After locating the line with "このあと、腐った床板の張り替えと防水塗装を行います。" in the entries below, output it and each following line up to and including the line with "So gut wie alles, was", exactly and without pictures.

+++ MATERIAL TO PROCESS

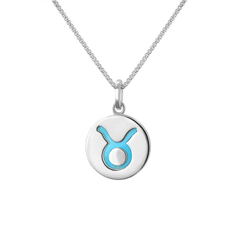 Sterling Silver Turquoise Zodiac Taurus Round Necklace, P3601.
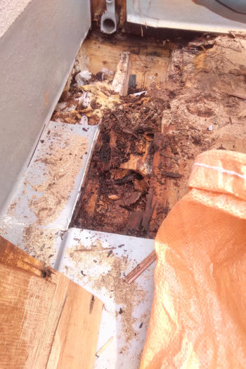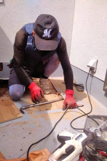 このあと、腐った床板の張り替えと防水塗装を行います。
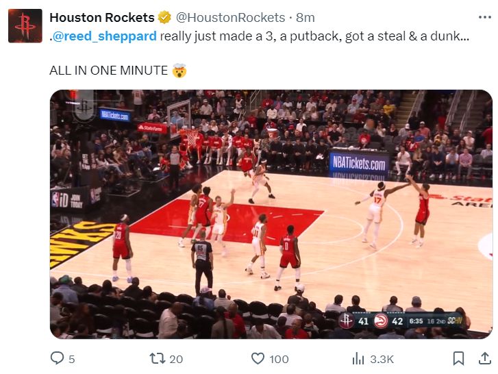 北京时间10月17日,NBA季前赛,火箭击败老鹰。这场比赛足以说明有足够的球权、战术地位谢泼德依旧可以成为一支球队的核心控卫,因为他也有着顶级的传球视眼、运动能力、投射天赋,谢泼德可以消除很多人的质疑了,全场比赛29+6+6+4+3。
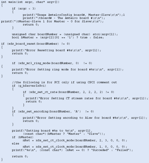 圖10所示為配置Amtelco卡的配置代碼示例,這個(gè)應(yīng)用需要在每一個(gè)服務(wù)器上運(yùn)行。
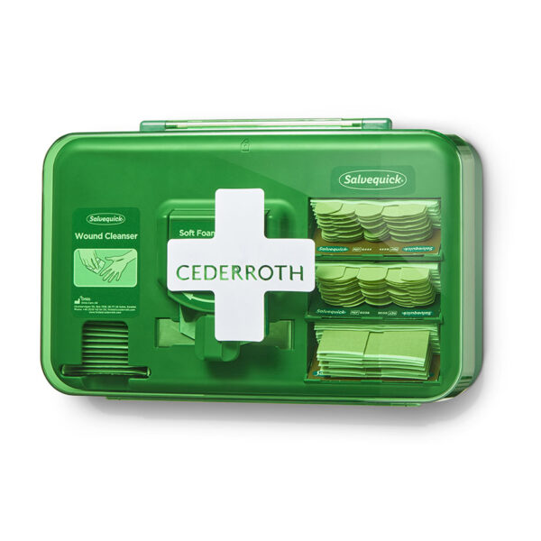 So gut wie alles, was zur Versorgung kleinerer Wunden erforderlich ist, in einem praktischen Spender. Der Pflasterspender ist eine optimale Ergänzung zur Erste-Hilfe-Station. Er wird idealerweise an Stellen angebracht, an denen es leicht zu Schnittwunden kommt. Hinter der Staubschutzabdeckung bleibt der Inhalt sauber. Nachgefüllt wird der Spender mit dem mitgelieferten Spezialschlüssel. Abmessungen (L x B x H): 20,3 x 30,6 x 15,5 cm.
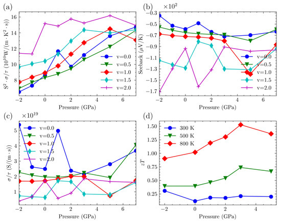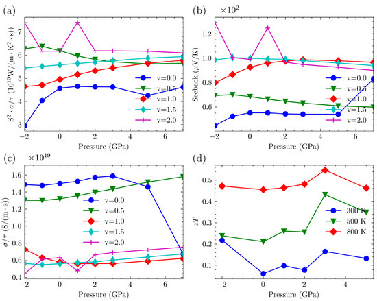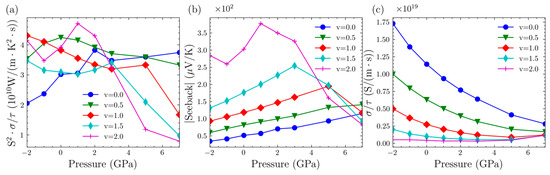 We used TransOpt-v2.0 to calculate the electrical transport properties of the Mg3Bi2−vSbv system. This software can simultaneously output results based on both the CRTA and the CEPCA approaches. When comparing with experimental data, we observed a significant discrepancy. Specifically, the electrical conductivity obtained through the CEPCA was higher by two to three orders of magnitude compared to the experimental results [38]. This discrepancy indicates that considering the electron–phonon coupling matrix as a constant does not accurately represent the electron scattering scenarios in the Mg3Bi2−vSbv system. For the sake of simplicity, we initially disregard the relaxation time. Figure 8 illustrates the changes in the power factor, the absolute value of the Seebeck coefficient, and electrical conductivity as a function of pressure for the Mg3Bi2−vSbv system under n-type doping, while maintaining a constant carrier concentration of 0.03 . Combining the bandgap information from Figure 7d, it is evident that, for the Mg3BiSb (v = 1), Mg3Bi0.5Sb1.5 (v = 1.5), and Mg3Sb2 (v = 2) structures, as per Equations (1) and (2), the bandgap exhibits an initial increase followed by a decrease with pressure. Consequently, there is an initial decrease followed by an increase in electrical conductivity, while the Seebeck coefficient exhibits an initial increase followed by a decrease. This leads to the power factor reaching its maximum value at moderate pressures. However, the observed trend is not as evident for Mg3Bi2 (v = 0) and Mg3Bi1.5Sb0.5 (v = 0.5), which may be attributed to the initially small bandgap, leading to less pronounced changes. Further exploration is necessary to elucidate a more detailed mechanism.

++++++

### ANSWER BOX:
 このあと、腐った床板の張り替えと防水塗装を行います。
 北京时间10月17日,NBA季前赛,火箭击败老鹰。这场比赛足以说明有足够的球权、战术地位谢泼德依旧可以成为一支球队的核心控卫,因为他也有着顶级的传球视眼、运动能力、投射天赋,谢泼德可以消除很多人的质疑了,全场比赛29+6+6+4+3。
 圖10所示為配置Amtelco卡的配置代碼示例,這個(gè)應(yīng)用需要在每一個(gè)服務(wù)器上運(yùn)行。
 So gut wie alles, was zur Versorgung kleinerer Wunden erforderlich ist, in einem praktischen Spender. Der Pflasterspender ist eine optimale Ergänzung zur Erste-Hilfe-Station. Er wird idealerweise an Stellen angebracht, an denen es leicht zu Schnittwunden kommt. Hinter der Staubschutzabdeckung bleibt der Inhalt sauber. Nachgefüllt wird der Spender mit dem mitgelieferten Spezialschlüssel. Abmessungen (L x B x H): 20,3 x 30,6 x 15,5 cm.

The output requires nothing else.